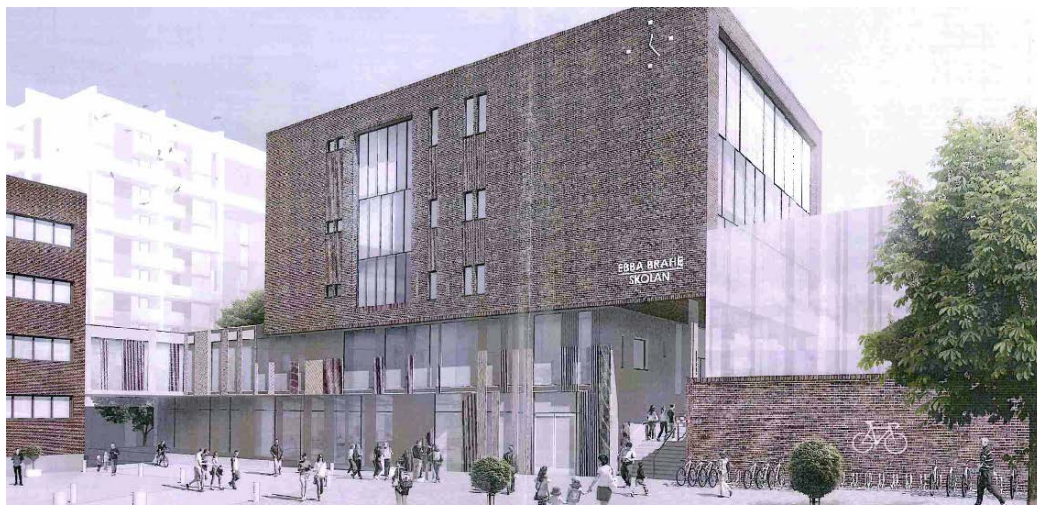
Figur 3: Illustration över framtida Ebba Braheskolan

I den skola som Kvalitena projekterar på Kvarnholmen finns långt framskridna planer på en sporthall på cirka 1 615 kvadratmeter med en 7-spelarplan på taket vars yta är cirka 1 021 kvadratmeter. Sporthallen kommer att anpassas för olika sporter, med anslutande omklädningsrum, förråd och personalutrymmen. En trappa upp i sporthallen finns en aktivitetsyta på cirka 200 kvadratmeter inritad med separata omklädningsrum och förråd.
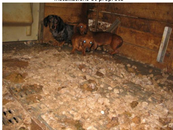
Installations et propreté
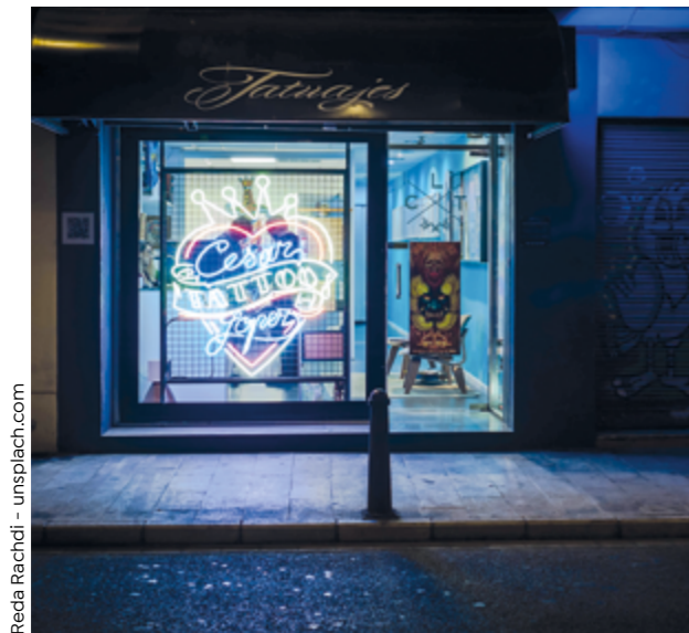
Reda Rachdi - unsplash.com
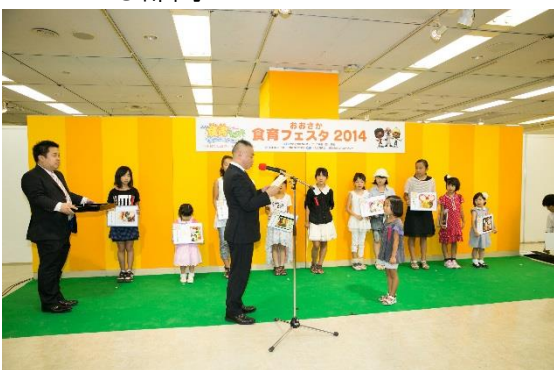
◇第13回愛情お弁当コンテスト表彰式 こども部門
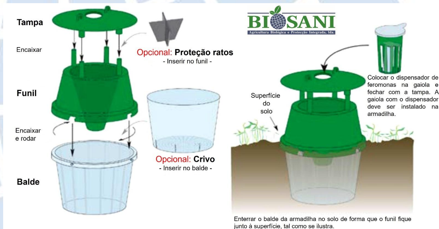
Figura 11.1 - Instruções de montagem da armadilha de funil e do dispensador de feromonas. O tubo de polietileno (Fig. 10.1) deve ser instalado em posição vertical e com a tampa para cima no interior da gaiola, sendo esta colocada no orifício existente na tampa da armadilha.

11 - Armadilha: Aconselha-se o uso da armadilha de funil (ver figura 11.1) para a captura destes insetos. Instalar a armadilha na cultura, enterrada parcialmente no solo como se ilustra na figura 11.1. A armadilha de funil aconselhada é a com tampa verde, funil verde e copo transparente.
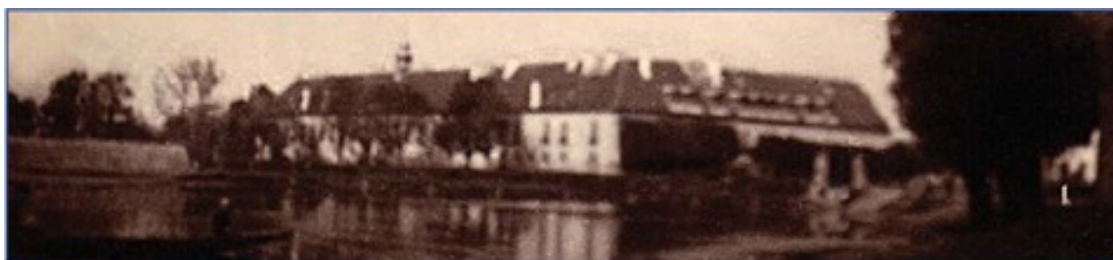
Pôvodný kaštieľ rodu Pálffyovcov (fotografia z roku 1935)

metačnej listiny o vymedzení chotárnych hraníc sa v obci Kráľová nachádzal poľovnícky zámok kráľa Žigmunda Luxemburského, kam rád chodieval na poľovačky aj kráľ Matej Korvín. V 17. storočí sa obce Krmeš a Kráľová stali postupne majetkom šľachtického rodu Pálffyovcov, ktorí tu v priebehu dvoch storočí vybudovali vzorový hospodársko - poľnohospodársky podnik. V rokoch 1712 - 1715 dali v barokovom štýle prestavať tunajší kaštieľ a jeho krásu zvýraznili rozsiahlou francúzskou záhradou a anglickým parkom, ktoré spájal doteraz stojaci záhradný barokový most na okraji obce. Po smrti posledného majiteľa kráľovského panstva a tunajšieho kaštieľa Jána Pálffyho v roku 1908, majetok kráľovského panstva postupne devastoval až nakoniec bol v rokoch 1940 - 1945 úplne zničený.
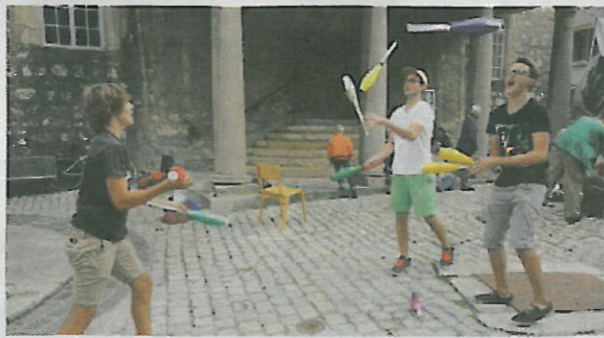
Jonglage à trois sur le Parvis.
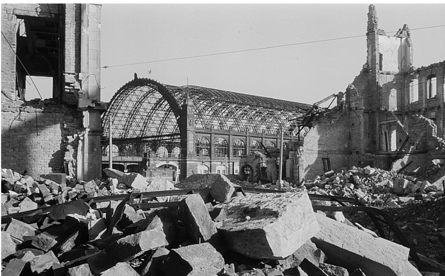
Blick aus den Ruinen an der Jahnstraße zur Ruine der Bahnsteighalle des Bahnhofes Dresden Wettinerstraße. Quelle: https://de.m.wikipedia.org/wiki/Datei:Fotothek_df_ps_0000317_002_Blick_aus_den_Ruinen_an_der_Jahnstra%C3%9F_e_zur_Ruine_der.jpg , Foto: Wikipedia / Richard Peter, Lizenz: CC BY-SA 3.0 DE

Zwischen 22.03 Uhr und 22.28 erfolgt der Abwurf des ersten Bombenteppichs. Alles ist perfekt getaktet: „Massenvernichtung ist Millimeterarbeit, sie käme nicht zustande, würden wahllos Bombentonnen auf einen Ort geladen ... Das Feuer muß schneller sein als die Feuerwehr. Anders wird es kein Vernichtungsangriff, sondern ein Haufen von Brandstellen.“ [6]. Nach der Entwarnung kommen die hustenden Dresdner wieder aus ihren Kellern, in denen sie Schutz gesucht haben. Doch jetzt kommt der finale Stoß, nämlich ein erneuter Angriff ab 1.16 Uhr: „Angriff eins jagt die Leute in den Schutz, Angriff zwei packt die den Schutz erlöst Verlassenden. Die Schutzwirkung von Kellern ist nach zwei Stunden verbraucht.“ [8] Familie Koch aus Rostock hockt im Keller und sieht, wie sich das siedend heiße Phosphor zu ihnen herunterwältzt. Es gelingt ihnen, aus dem Keller und aus der Stadt zu fliehen. Um sie herum vertrock-

****************

Exercise instructions>
Look through the material and copy each line that has "funil".

Output>
Figura 11.1 - Instruções de montagem da armadilha de funil e do dispensador de feromonas. O tubo de polietileno (Fig. 10.1) deve ser instalado em posição vertical e com a tampa para cima no interior da gaiola, sendo esta colocada no orifício existente na tampa da armadilha.
11 - Armadilha: Aconselha-se o uso da armadilha de funil (ver figura 11.1) para a captura destes insetos. Instalar a armadilha na cultura, enterrada parcialmente no solo como se ilustra na figura 11.1. A armadilha de funil aconselhada é a com tampa verde, funil verde e copo transparente.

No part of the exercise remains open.